Hair­cuts of this mag­ni­tude have led some to ques­tion how suc­cess­ful the IBC ac­tu­ally is. And mov­ing for­ward, the pace of res­o­lu­tion may even be­gin to falter.

On Fe­bru­ary 12 this year, the RBI or­dered lenders to trig­ger res­o­lu­tion pro­ceed­ings un­der the IBC for even a sin­gle day’s de­lay in re­pay­ment. This or­der was sub­se­quently quashed by the Supreme Court. Fresh reg­u­la­tions were is­sued last month—now, lenders are to trig­ger res­o­lu­tion pro­ceed­ings if a bor­rower is over 30 days late on pay­ments. How­ever, this has led to fears that banks will try to keep their NPAs alive. “Banks may try to re­solve cases of de­fault by re­struc­tur­ing their debt load and in­ter­est rates, or by giv­ing longer time­lines for re­pay­ment,” says Sab­navis. “The is­sue is that banks may not want to take cases quickly to the IBC be­cause of the huge hair-cuts in­volved.”

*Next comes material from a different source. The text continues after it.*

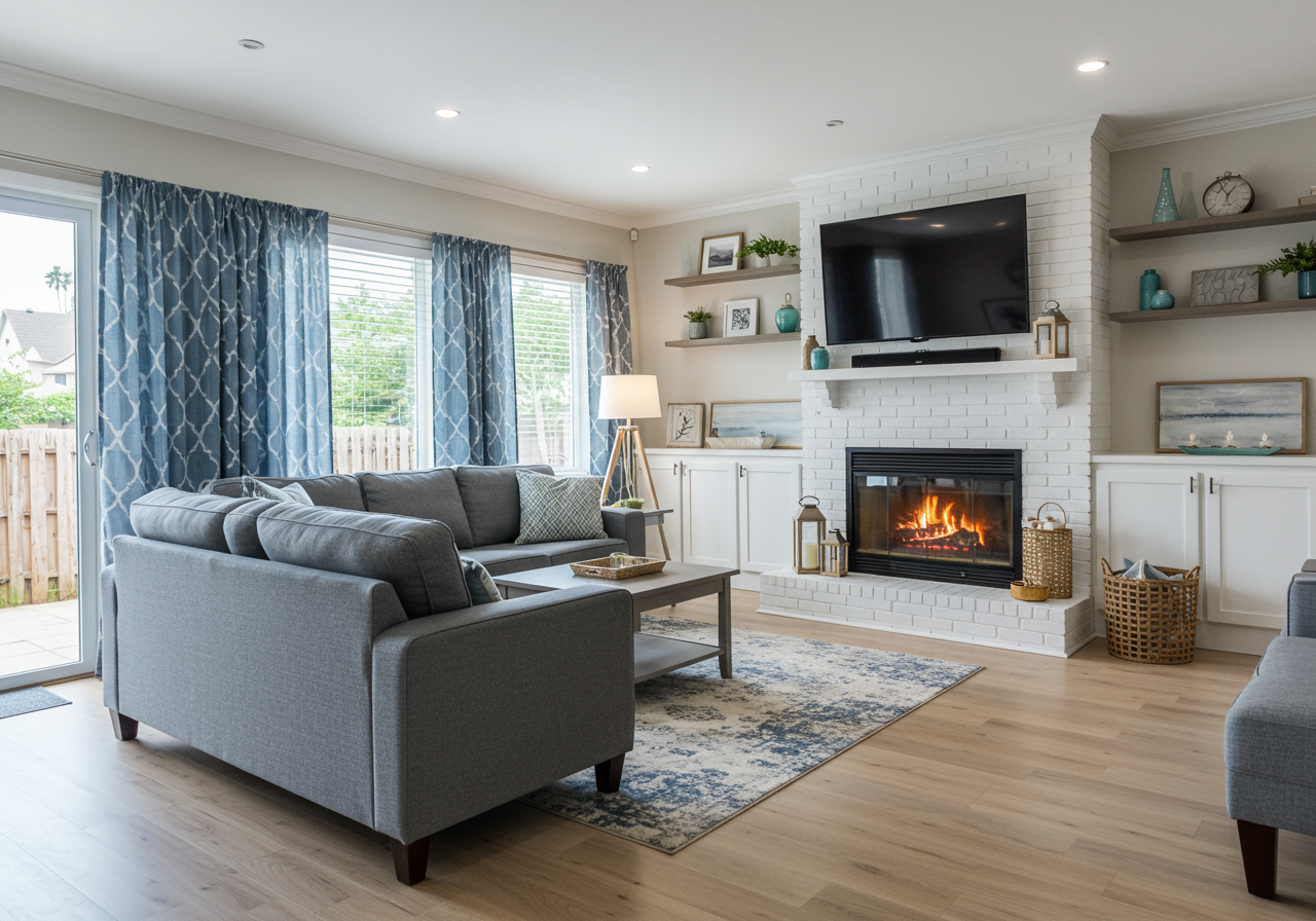 This home has four bedrooms and four bathrooms. The main floor has a living room that calls for you to settle in, relax, read a book, or start your next streaming binge next to the fireplace.

How­ever, ex­perts still con­sider the IBC the best route for NPA re­cov­ery. “Un­der the IBC, [at the very least] we have man­aged to get to a place where these cases are be­ing brought to in­sol­vency court,” says Sab­navis. There­fore, de­spite all its short­com­ings, the IBC con­tin­ues to be a ray of hope for those deal­ing with cor­po­rate de­fault­ers.